# Student Visa to Tourist Visa then Extend or Change to Student



## aussiebrasil (Sep 10, 2010)

Hi Guys, 

We are in a bit of a pickle as to what is the best decision. 

My 29yr old brasillian bf has been living in Australia since Sep 2008. Between first arriving Sep 2008 and April 2010 he has been on a student visa studying at a private college (subclass 572). 

As a side note we started dating in January 2010. In Brasil his formal qualification is as a secondary school teacher. In australia these quals are not recognised as he has not completed iels test to the appropriate level or applied for skilled work visa recognition. 

At the expiration of his last Student Visa, the private college pulled the plug on next round of enrolments. They claimed that no enrolment spaces were left for that study period although he was enrolled in a rollover 2 year course. This left him with no option but to take up a tourist visa if he wanted to stay in Australia. This visa will expire in early October 2010. 

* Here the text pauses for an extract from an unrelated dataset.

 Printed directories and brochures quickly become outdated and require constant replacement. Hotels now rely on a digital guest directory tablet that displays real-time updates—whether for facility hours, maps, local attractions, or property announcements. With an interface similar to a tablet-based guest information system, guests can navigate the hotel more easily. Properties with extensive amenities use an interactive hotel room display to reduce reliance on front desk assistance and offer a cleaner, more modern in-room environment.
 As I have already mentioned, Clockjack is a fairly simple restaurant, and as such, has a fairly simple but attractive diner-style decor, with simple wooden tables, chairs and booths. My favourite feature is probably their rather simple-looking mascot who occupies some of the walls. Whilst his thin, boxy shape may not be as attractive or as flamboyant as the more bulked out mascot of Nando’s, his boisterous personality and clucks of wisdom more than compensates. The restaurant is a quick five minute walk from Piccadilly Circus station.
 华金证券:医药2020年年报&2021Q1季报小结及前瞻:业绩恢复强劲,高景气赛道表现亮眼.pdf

As we see it there are a number of sketchy options now available:
- Apply to extend current tourist visa (this will only buy us 6 months at the most - correct me if I'm wrong?)

- Re-enrol as a student 
*Would Immigration allow transition from student to tourist and back again?

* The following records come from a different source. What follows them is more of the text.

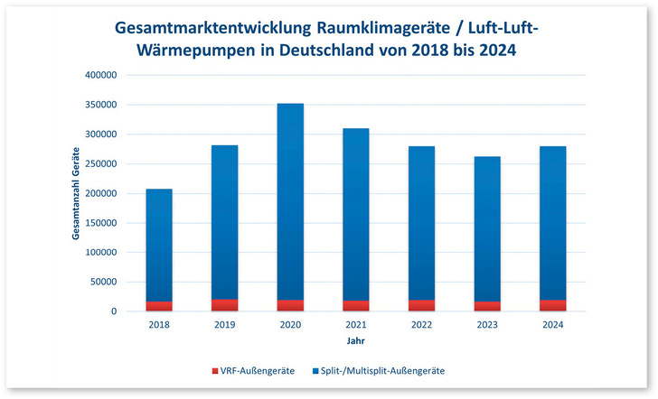 Eine Markterhebung des Fachverbands Gebäude-Klima zeigt die Entwicklung der Verkaufszahlen von Luft-Luft-Wärmepumpen in Deutschland. Nach einem Rückgang bis 2023 steigen die Absatzzahlen für Split-, Multi-Split- und VRF-Systeme seit 2024 wieder an. Der Fachverband Gebäude-Klima (FGK) erfasst quartalsweise die Verkaufszahlen von Außeneinheiten für DX-Raumklimageräte mit Wärmepumpenfunktion. Die Erhebung umfasst Außenluft-Raumluft-Wärmepumpen in Split-, Multi-Split- oder VRF-Ausführung und bildet die Marktentwicklung seit 2018 ab. Im Jahr 2020 erreichte der Markt mit über 330.000 verkauften Geräten einen Höchststand. Bei VRF-Anlagen lag der Spitzenwert bei knapp 19.000 Einheiten im Jahr 2019. Nach einem leichten Rückgang bis 2023 wurden seit 2024 wieder steigende Verkaufszahlen verzeichnet. Für das Jahr 2024 meldet der Verband mehr als 250.000 verkaufte Einheiten. Nach Angaben des FGK hat sich das Nutzungsverhalten der Anlagen in den letzten Jahren verändert. Während in Wohngebäuden die meisten Geräte in der Vergangenheit primär zum Kühlen eingesetzt wurden, beobachtet der Verband seit 2022 eine signifikante Zunahme der Nutzung zur Wärmeerzeugung. Als Auslöser dafür werden die gestiegenen Energiepreise für Gas und Öl im Jahr 2022 gesehen. Mittlerweile sei auch das Bewusstsein für die Nutzung erneuerbarer Energien zum Heizen ein wesentlicher Faktor.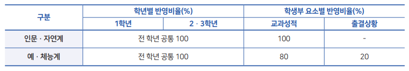 ※ 국외고 출신자의 경우 학교폭력 조치사항을 반영하지 않음
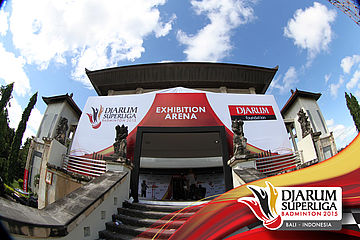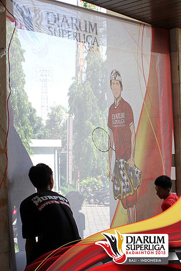 Beberapa ikon Djarum Superliga Badminton 2015 siap menghiasi pintu masuk GOR Lila Bhuana.

- Very long shot to begin application for partner visa. 
*We don't have the criteria required for this application as we didn't plan for this situation (just thought we could let our normal natural relationship develop as it would)

The long of it is that we would like the extra time to stay together. We have taken a number of holidays around queensland, australia and most recently in se asia together. we are both at the stage in our lives where this is the next natural progression however its made slightly more difficult by these beaurocratic pressures which are there for a good reason. 

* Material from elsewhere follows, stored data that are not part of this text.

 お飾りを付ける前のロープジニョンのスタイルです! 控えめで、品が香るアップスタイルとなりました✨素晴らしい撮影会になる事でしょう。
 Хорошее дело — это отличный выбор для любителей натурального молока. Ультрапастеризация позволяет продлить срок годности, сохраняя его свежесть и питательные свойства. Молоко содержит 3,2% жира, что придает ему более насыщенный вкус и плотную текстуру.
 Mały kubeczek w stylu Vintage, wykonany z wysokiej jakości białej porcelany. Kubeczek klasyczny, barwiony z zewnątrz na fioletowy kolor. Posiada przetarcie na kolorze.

Would be great if we can get some feedback regarding application for extension of tourist visa or re-enrolment as a student after having been on a tourist visa. THANKS in advance.


----------



## Wanderer (Jun 16, 2007)

If he meets eligibility requirements for a student visa [ and there are some onerous financial requirements ] he should be able to get a student visa.
Alternately, the tourist visa extension may be a possibility but he'll also need to show means of support and even if successful, he'll probably have a No Further Stay condition on the visa which would prevent him from applying onshore for a partner visa, so another trip out of Australia would be required to apply.
If you are in NSW, ACT, Vic. or Tassie you may also be in a position to apply via Births Deaths & Marriages for a relationship registration and that provides a waiver for needing the full 12 months residing together.
But if his current tourist visa has a No Further Stay condition, it'll still mean a trip abroad to apply for the partner visa.


----------



## aussiebrasil (Sep 10, 2010)

Thanks so much for your advice. We really appreciate it. Now let's see how it goes.


----------



## Wanderer (Jun 16, 2007)

I should add too re


> But if his current tourist visa has a No Further Stay condition


 , that'll obviously affect his eligibility re getting a further student visa or even an extension of the tourist visa too, it applying to all visas.


----------